» **THE INPUT**
========================

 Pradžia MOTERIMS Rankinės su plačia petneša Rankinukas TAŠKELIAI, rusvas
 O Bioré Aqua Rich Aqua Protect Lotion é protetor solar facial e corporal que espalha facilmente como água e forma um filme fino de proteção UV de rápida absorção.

========================

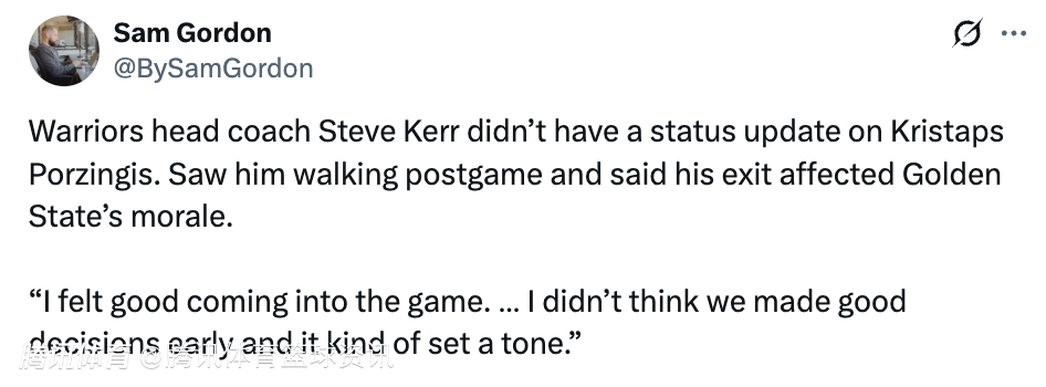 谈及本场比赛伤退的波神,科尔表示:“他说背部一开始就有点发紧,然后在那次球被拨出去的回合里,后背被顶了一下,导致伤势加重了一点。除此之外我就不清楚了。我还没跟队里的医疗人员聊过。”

========================

What you give back should be only the lines of the records above, starting at the line with "Pradžia MOTERIMS Rankinės" and ending at the line with "O Bioré Aqua", restated word for word.

» **EXPECTED ANSWER**
 Pradžia MOTERIMS Rankinės su plačia petneša Rankinukas TAŠKELIAI, rusvas
 O Bioré Aqua Rich Aqua Protect Lotion é protetor solar facial e corporal que espalha facilmente como água e forma um filme fino de proteção UV de rápida absorção.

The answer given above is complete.